**EXERCISE GOAL:**
What do the lines say from the start of the entries through the one containing "Strong gross margin"? Repeat them exactly.

[DATA Boundary: Start]

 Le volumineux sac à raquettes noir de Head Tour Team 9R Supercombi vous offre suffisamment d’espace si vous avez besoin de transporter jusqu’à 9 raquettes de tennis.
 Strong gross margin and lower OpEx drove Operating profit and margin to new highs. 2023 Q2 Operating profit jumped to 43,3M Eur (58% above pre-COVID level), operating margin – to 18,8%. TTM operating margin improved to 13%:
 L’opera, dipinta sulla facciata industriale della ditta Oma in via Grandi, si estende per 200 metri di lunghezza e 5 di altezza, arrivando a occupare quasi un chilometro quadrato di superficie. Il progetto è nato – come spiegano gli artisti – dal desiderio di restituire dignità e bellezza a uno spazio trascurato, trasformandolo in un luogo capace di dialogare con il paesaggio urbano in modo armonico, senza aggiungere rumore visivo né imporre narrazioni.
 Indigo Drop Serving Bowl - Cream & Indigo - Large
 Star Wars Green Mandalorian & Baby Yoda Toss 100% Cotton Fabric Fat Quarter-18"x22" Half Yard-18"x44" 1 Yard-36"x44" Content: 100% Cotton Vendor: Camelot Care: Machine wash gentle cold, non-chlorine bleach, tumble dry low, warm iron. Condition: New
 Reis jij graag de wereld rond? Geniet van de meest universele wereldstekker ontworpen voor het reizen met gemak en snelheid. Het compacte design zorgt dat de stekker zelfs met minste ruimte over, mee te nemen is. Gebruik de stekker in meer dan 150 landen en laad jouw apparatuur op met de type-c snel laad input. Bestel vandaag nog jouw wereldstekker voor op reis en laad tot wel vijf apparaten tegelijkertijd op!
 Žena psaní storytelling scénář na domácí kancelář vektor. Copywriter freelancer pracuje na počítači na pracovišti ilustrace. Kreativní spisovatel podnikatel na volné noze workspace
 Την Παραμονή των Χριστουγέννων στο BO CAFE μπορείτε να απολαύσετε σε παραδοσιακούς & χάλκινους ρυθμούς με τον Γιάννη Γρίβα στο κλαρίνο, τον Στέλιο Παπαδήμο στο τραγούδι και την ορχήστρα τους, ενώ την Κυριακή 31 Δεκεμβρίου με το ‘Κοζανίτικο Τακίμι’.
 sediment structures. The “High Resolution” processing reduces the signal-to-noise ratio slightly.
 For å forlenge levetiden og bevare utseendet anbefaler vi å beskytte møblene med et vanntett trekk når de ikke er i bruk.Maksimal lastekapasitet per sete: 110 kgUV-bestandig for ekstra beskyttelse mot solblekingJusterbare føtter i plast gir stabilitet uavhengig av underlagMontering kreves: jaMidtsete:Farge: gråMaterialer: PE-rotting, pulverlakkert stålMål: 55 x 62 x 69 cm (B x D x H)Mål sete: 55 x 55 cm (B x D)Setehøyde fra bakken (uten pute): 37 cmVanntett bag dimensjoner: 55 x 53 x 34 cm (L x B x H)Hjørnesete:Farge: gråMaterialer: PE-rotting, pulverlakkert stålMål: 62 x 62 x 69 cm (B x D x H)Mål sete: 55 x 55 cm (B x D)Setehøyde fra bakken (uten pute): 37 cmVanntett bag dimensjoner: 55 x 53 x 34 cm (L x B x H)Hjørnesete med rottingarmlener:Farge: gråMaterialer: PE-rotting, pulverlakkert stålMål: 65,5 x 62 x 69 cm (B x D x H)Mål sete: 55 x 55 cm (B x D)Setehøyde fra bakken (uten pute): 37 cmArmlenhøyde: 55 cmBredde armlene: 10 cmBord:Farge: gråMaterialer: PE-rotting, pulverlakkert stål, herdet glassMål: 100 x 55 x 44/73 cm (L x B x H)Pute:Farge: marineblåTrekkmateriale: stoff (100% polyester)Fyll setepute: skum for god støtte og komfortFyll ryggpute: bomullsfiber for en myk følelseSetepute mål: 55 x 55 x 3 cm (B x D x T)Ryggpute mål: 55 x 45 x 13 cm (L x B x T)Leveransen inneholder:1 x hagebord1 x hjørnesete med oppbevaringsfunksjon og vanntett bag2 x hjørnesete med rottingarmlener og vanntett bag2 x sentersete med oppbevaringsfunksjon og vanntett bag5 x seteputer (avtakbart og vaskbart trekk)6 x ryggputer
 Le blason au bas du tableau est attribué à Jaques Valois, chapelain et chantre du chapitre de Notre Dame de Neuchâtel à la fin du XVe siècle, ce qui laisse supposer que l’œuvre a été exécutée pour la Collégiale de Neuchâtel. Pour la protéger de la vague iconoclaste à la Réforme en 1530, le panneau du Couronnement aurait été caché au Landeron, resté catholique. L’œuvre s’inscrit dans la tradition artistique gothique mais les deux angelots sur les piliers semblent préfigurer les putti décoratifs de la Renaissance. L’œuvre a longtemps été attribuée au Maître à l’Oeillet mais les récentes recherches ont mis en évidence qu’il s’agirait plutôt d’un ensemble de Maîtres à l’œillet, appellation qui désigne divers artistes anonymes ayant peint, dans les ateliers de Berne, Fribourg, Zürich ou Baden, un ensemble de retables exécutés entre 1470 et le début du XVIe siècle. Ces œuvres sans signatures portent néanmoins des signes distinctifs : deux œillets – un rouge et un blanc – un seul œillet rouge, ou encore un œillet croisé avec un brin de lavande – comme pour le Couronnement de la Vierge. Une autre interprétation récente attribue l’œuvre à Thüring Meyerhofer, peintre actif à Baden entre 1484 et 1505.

[DATA Boundary: End]

**TASK SOLUTION:**
 Le volumineux sac à raquettes noir de Head Tour Team 9R Supercombi vous offre suffisamment d’espace si vous avez besoin de transporter jusqu’à 9 raquettes de tennis.
 Strong gross margin and lower OpEx drove Operating profit and margin to new highs. 2023 Q2 Operating profit jumped to 43,3M Eur (58% above pre-COVID level), operating margin – to 18,8%. TTM operating margin improved to 13%:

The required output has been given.